[Opening Supplied data section]
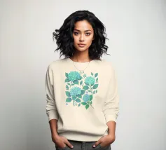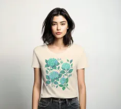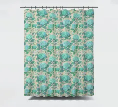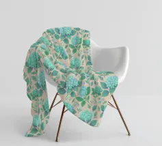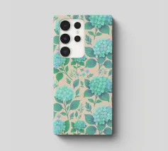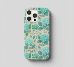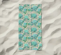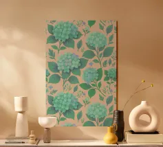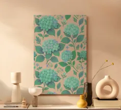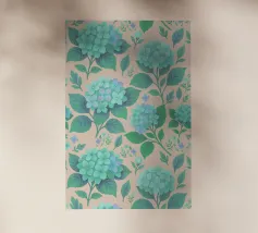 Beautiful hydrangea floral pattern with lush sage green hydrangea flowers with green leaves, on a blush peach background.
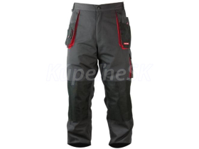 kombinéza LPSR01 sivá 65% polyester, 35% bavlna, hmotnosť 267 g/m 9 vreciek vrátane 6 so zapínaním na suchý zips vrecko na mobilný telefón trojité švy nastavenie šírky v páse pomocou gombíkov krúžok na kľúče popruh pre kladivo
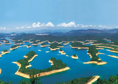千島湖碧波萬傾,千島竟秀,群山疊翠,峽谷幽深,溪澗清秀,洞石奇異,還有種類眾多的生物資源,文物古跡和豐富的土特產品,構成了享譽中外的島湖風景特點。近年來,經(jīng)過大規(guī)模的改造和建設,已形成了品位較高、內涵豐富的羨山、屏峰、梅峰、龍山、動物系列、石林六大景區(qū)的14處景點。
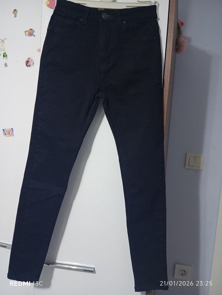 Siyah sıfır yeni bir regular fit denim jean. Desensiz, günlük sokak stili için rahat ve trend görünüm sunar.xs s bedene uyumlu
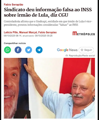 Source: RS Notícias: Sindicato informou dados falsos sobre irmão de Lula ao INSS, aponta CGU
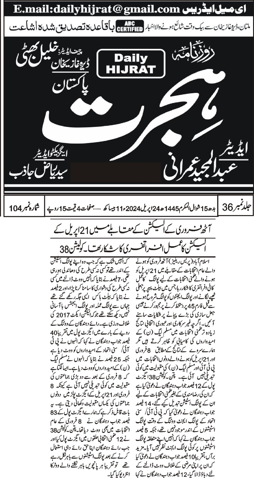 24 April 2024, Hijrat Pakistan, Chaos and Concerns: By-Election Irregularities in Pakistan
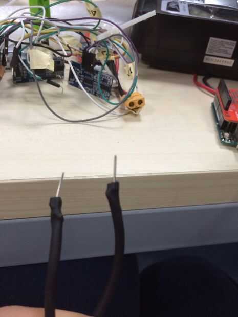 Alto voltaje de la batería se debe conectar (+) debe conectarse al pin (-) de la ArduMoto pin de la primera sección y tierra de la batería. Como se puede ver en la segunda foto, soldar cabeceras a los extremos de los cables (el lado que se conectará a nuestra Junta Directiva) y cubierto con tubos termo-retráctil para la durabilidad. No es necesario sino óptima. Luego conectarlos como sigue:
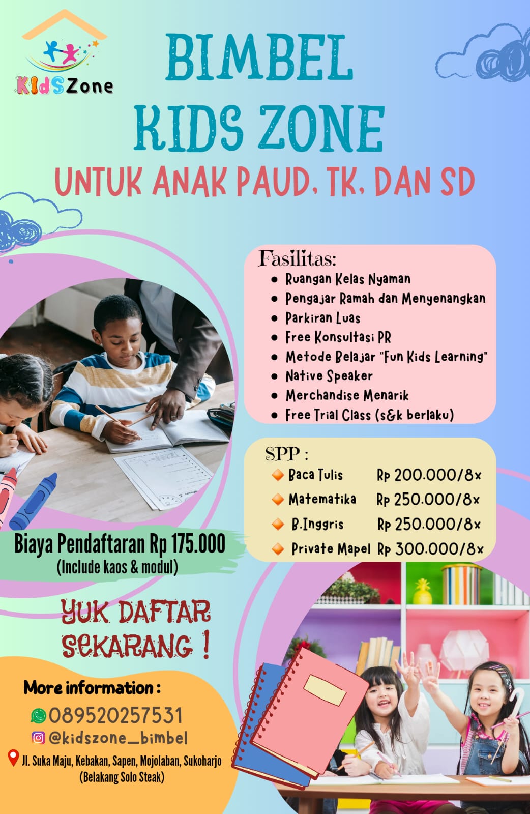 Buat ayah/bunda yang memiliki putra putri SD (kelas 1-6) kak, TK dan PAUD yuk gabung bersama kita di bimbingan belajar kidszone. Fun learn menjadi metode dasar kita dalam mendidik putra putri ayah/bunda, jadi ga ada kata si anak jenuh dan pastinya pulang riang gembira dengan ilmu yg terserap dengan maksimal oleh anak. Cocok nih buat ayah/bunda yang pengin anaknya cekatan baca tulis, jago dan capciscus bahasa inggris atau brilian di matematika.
[Closing Supplied data section]
▸ What needs to be done:
Please output the records exactly, leaving the pictures out.

▸ Answer space:
 Beautiful hydrangea floral pattern with lush sage green hydrangea flowers with green leaves, on a blush peach background.
 kombinéza LPSR01 sivá 65% polyester, 35% bavlna, hmotnosť 267 g/m 9 vreciek vrátane 6 so zapínaním na suchý zips vrecko na mobilný telefón trojité švy nastavenie šírky v páse pomocou gombíkov krúžok na kľúče popruh pre kladivo
千島湖碧波萬傾,千島竟秀,群山疊翠,峽谷幽深,溪澗清秀,洞石奇異,還有種類眾多的生物資源,文物古跡和豐富的土特產品,構成了享譽中外的島湖風景特點。近年來,經(jīng)過大規(guī)模的改造和建設,已形成了品位較高、內涵豐富的羨山、屏峰、梅峰、龍山、動物系列、石林六大景區(qū)的14處景點。
 Siyah sıfır yeni bir regular fit denim jean. Desensiz, günlük sokak stili için rahat ve trend görünüm sunar.xs s bedene uyumlu
 Source: RS Notícias: Sindicato informou dados falsos sobre irmão de Lula ao INSS, aponta CGU
 24 April 2024, Hijrat Pakistan, Chaos and Concerns: By-Election Irregularities in Pakistan
 Alto voltaje de la batería se debe conectar (+) debe conectarse al pin (-) de la ArduMoto pin de la primera sección y tierra de la batería. Como se puede ver en la segunda foto, soldar cabeceras a los extremos de los cables (el lado que se conectará a nuestra Junta Directiva) y cubierto con tubos termo-retráctil para la durabilidad. No es necesario sino óptima. Luego conectarlos como sigue:
 Buat ayah/bunda yang memiliki putra putri SD (kelas 1-6) kak, TK dan PAUD yuk gabung bersama kita di bimbingan belajar kidszone. Fun learn menjadi metode dasar kita dalam mendidik putra putri ayah/bunda, jadi ga ada kata si anak jenuh dan pastinya pulang riang gembira dengan ilmu yg terserap dengan maksimal oleh anak. Cocok nih buat ayah/bunda yang pengin anaknya cekatan baca tulis, jago dan capciscus bahasa inggris atau brilian di matematika.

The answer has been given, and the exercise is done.